Hacker News new | ask | show | jobs
by jlokier 1073 days ago
> Any examples you're thinking of?

The three I know about are all Ethereum account/state history stores.

Besu does something interesting they call Bonsai Trees. It reportedly uses a lot less storage (about 1/10, 1.1TB instead of 12TB) than what came before in certain modes that store all the account history ("archive node"), and a bit less storage in other modes. I haven't studied how Bonsai trees work, so I don't know if the method is useful for non-blockchain styles of account history.

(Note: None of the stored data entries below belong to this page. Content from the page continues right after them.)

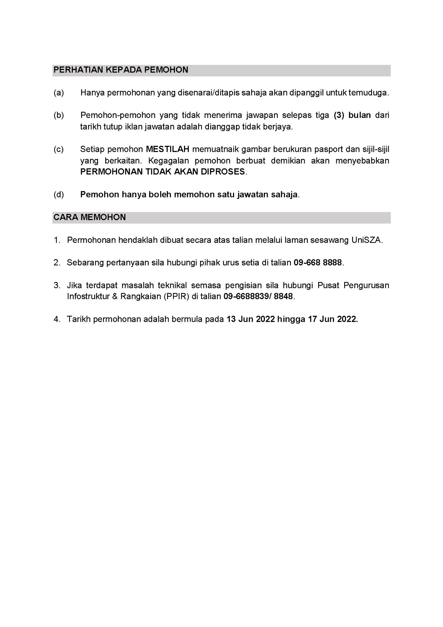 Iklan Jawatan Universiti Sultan Zainal Abidin (UNISZA) Like serta Ikut Facebook Kami, follow Chanel WhatsApp Jawatan Kosong & Telegram Portal SPA9 untuk capaian pantas kekosongan jawatan daripada kami sekarang. IKLAN PENUH JAWATAN
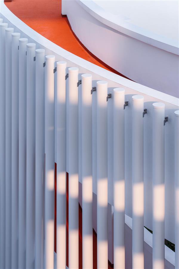 由連續(xù)的建筑體圍合出來的庭院間,一組環(huán)形廊道的置入,將原本集中于首層的公共活動(dòng)空間,在豎向上得以延伸,交疊的環(huán)形廊道讓建筑體和庭院產(chǎn)生了戲劇性的變化。原本的疏離和理性,由于廊道的運(yùn)動(dòng),形成了強(qiáng)烈的穿插與滲透,庭院一改原本的平鋪直敘,在收放之間,實(shí)現(xiàn)尺度和維度的更替,營(yíng)造出強(qiáng)烈的趣味性。
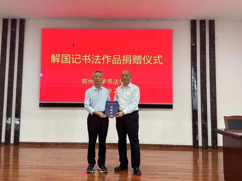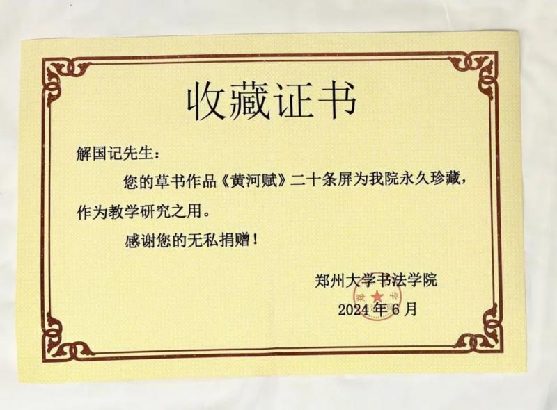 郑州大学原纪委书记、书法学院硕士生导师许东升教授向解国记颁发了收藏证书。
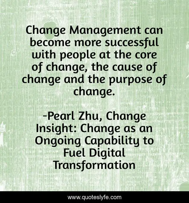 "Pearl Zhu, Change Insight: Change as an Ongoing Capability to Fuel Digital Transformation Quotes." Quoteslyfe.com, 2025. Sat. 06 Dec. 2025. <https://www.quoteslyfe.com/quote/Change-Management-can-become-more-successful-with-51846>.
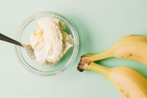 【ココナッツミルク:生クリーム=1:1】の割合で混ぜて、お好みの分量の熟したバナナとはちみつを入れます。
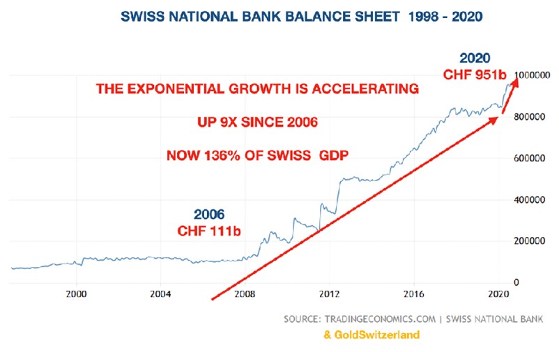 Die Bilanzen der globalen Zentralbanken explodieren, mit desaströsen Konsequenzen. Und die Schweizer Nationalbank (SNB) sticht dabei als der größte "Hedgefonds" und Spekulant der Welt hervor. Die Bilanzsumme der Nationalbank liegt bei über 1 Billion $ - oder aber 136% des Schweizer BIP. Zum Vergleich: Die Bilanzsumme der Fed beträgt 35% des BIP der USA. Um hier mit der SNB zu konkurrieren, müsste die Fed ihre aktuelle Bilanzsumme von 7 Billionen $ auf ganze 27 Bill. $ ausweiten. Das hört sich nach einem großen Sprung an, scheint aber in den kommenden Jahren nicht unwahrscheinlich.
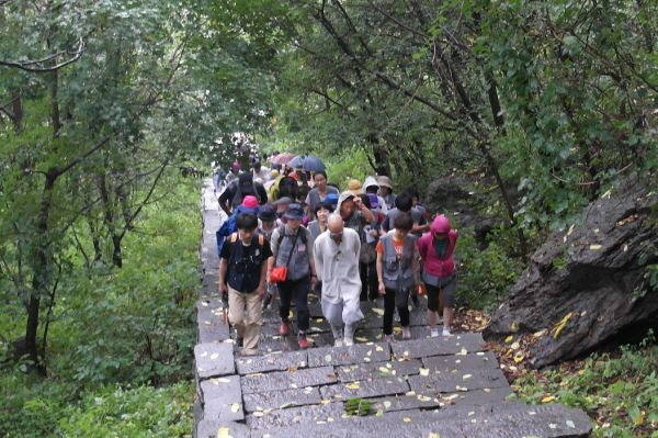 어제 모든 일정을 마무리 하고 12시가 넘어 잠자리에 들었지만, 다행히 오늘은 아침 일정이 조금 여유가 있었습니다. 보통 3시 전후로 기상하여 이동하는데, 오늘 아침은 5시 50분에 기상하였습니다. 기상 후 짐을 챙겨 현관으로 오니 비가 쏟아지고 있었습니다. 아침을 먹고 나서도 비가 내리고 있어서 오녀산성에 오르는 것이 가능한지 확인하는 동안 스님께서 고구려 시대의 홀본, 집안지역에 대해서 설명을 해주셨습니다. 고구려가 처음 세워질 때 소서노와 주몽의 이야기, 유리왕이 왕위 오르면서 소서노가 비류와 온조를 데리고 백제를 건설한 이야기, 유리왕때 왕권을 강화하기 위해 집안으로 수도를 옮긴 이야기등을 듣고 있는 가운데 비가 그치면서 오녀산성에 오르는 것이 허락되어서 다들 가벼운 마음으로 오녀산성으로 향했습니다.

Erigon is well known as using perhaps the smallest storage when storing all the account history, and this is what it's optimised for. Erigon uses a fairly classic B-tree, for performance reasons (lower IOPS than LSM-trees for relevant operations). Their tricks are in how the data is organised in the B-tree, being better than the classic Ethereum methods. Erigon 2/3/4 (not sure, they merged plans) uses a new storage format that is supposed to do the same thing better. I don't think Erigon's tricks would be applicable to TigerBeetle, because TB doesn't have the storage problem of keeping everythng in Merkle trees in the first place. But it's a place to look as Ethereum's leader for archive node storage.

Last but not least, I have a work in progress storage format that is more efficient than either of the above, in that it uses much less storage for all the account history (due to efficient queryable and updatable adaptive compression), and fewer IOPS to look up individual account states (because random access is important). It uses a novel storage tree structure that is neither a B-tree nor an LSM-tree, but has some aspects of both, in order to reach for lower IOPS in various scenarios that each of those trees ar better or worse at, and it is also compresses the data in a novel way, which is important to storing histories and patterned data efficiently. It was originally motivated by Ethereum state history storage (since there's a clear benchmark), but I'm thinking it could be useful for time series data.